WORK TASK:
Please restate every record below word for word and skip the pictures.

EXCERPTED RECORDS: Begin

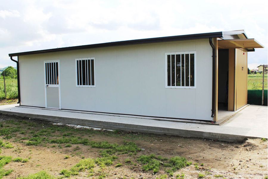Le pareti e il soffitto sono realizzati con pannelli autoportanti coibentati in acciaio preverniciato, con all’interno uno strato di poliuretano espanso ad alta densità (40 kg/m³), garantendo un eccellente isolamento termico.
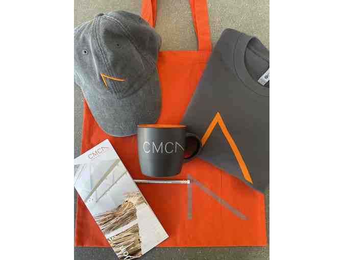 Household Membership and gift bag containing CMCA's signature orange tote, coffee mug, hat, magnet, and pencil
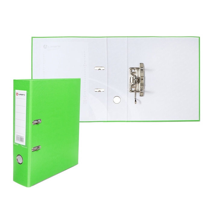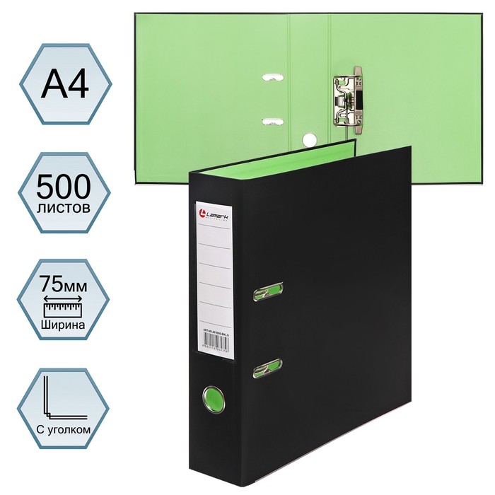 Папка-регистратор А4, 75 мм, Lamark, ПВХ, двухстороннее покрытие, металлическая окантовка, карман на корешок, собранная, черный/зелёный
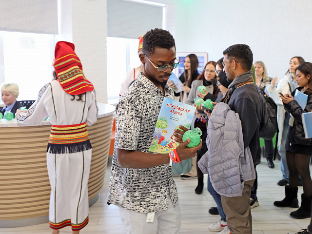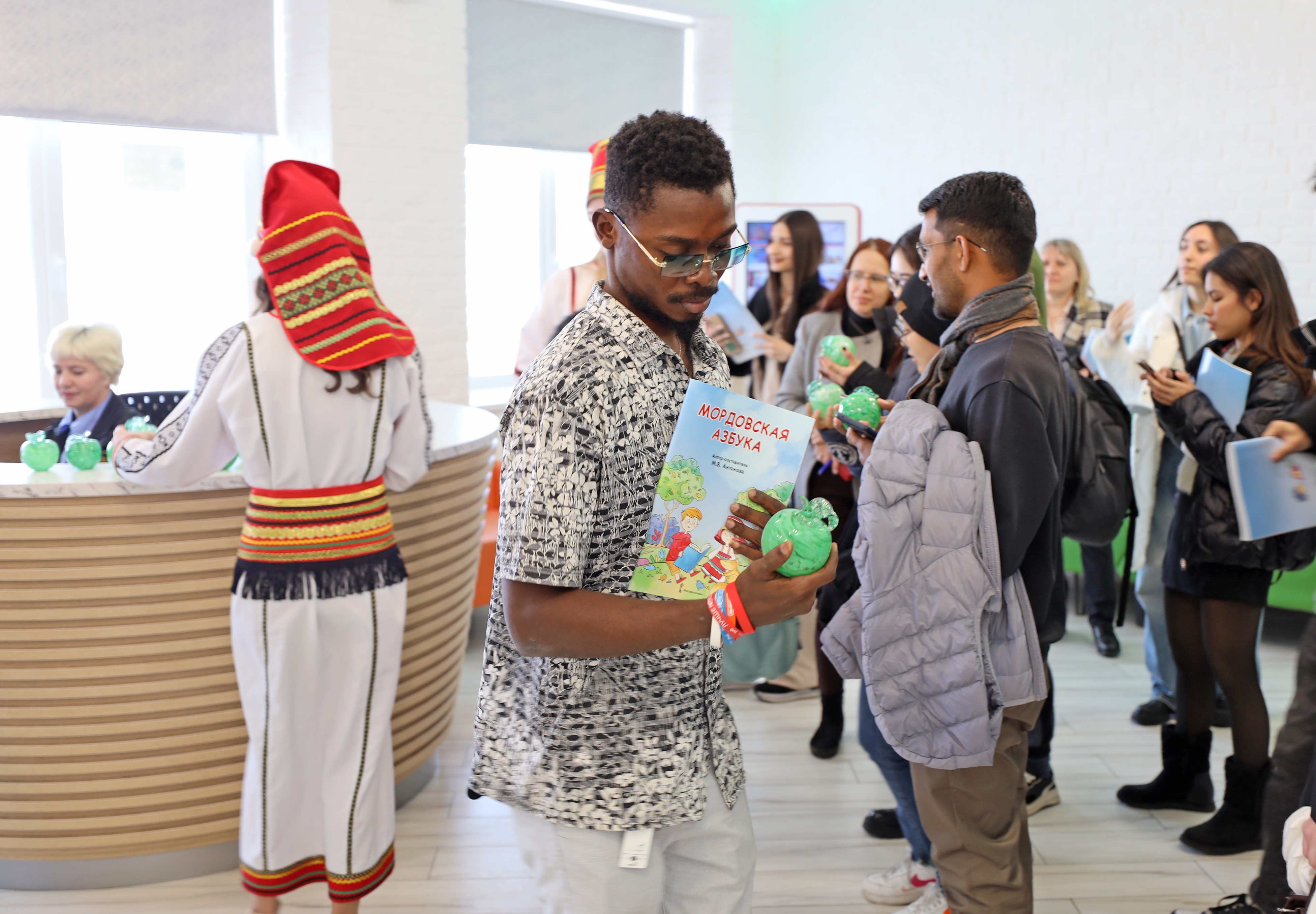 Марина Владимировна не оставила гостей без подарков – на память ребятам вручили памятный сувенир в виде зеленого яблока и мордовскую азбуку.
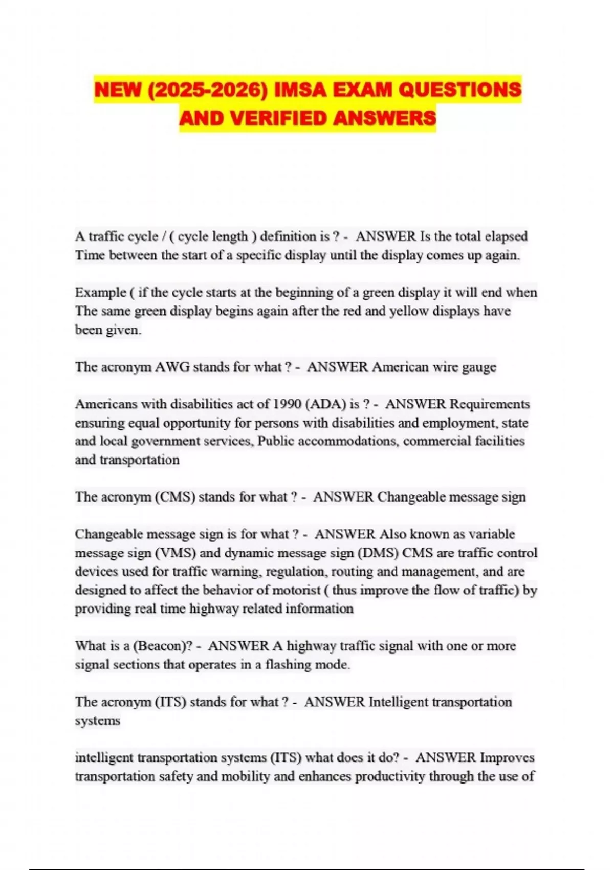 NEW () IMSA EXAM QUESTIONS AND VERIFIED ANSWERS....
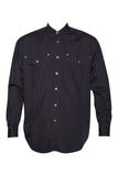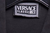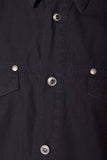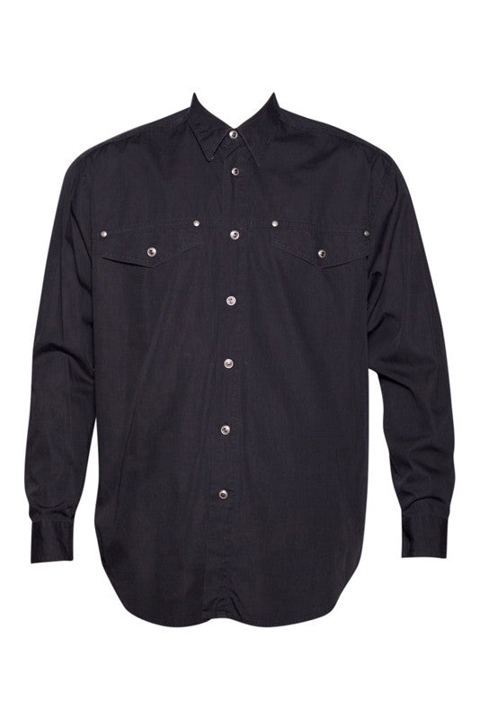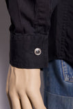 Versace classic black cotton long sleeve cowboy shirt with silver buttons and flap pocket detail.

EXCERPTED RECORDS: End

ANSWER BOX:
Le pareti e il soffitto sono realizzati con pannelli autoportanti coibentati in acciaio preverniciato, con all’interno uno strato di poliuretano espanso ad alta densità (40 kg/m³), garantendo un eccellente isolamento termico.
 Household Membership and gift bag containing CMCA's signature orange tote, coffee mug, hat, magnet, and pencil
 Папка-регистратор А4, 75 мм, Lamark, ПВХ, двухстороннее покрытие, металлическая окантовка, карман на корешок, собранная, черный/зелёный
 Марина Владимировна не оставила гостей без подарков – на память ребятам вручили памятный сувенир в виде зеленого яблока и мордовскую азбуку.
 NEW () IMSA EXAM QUESTIONS AND VERIFIED ANSWERS....
 Versace classic black cotton long sleeve cowboy shirt with silver buttons and flap pocket detail.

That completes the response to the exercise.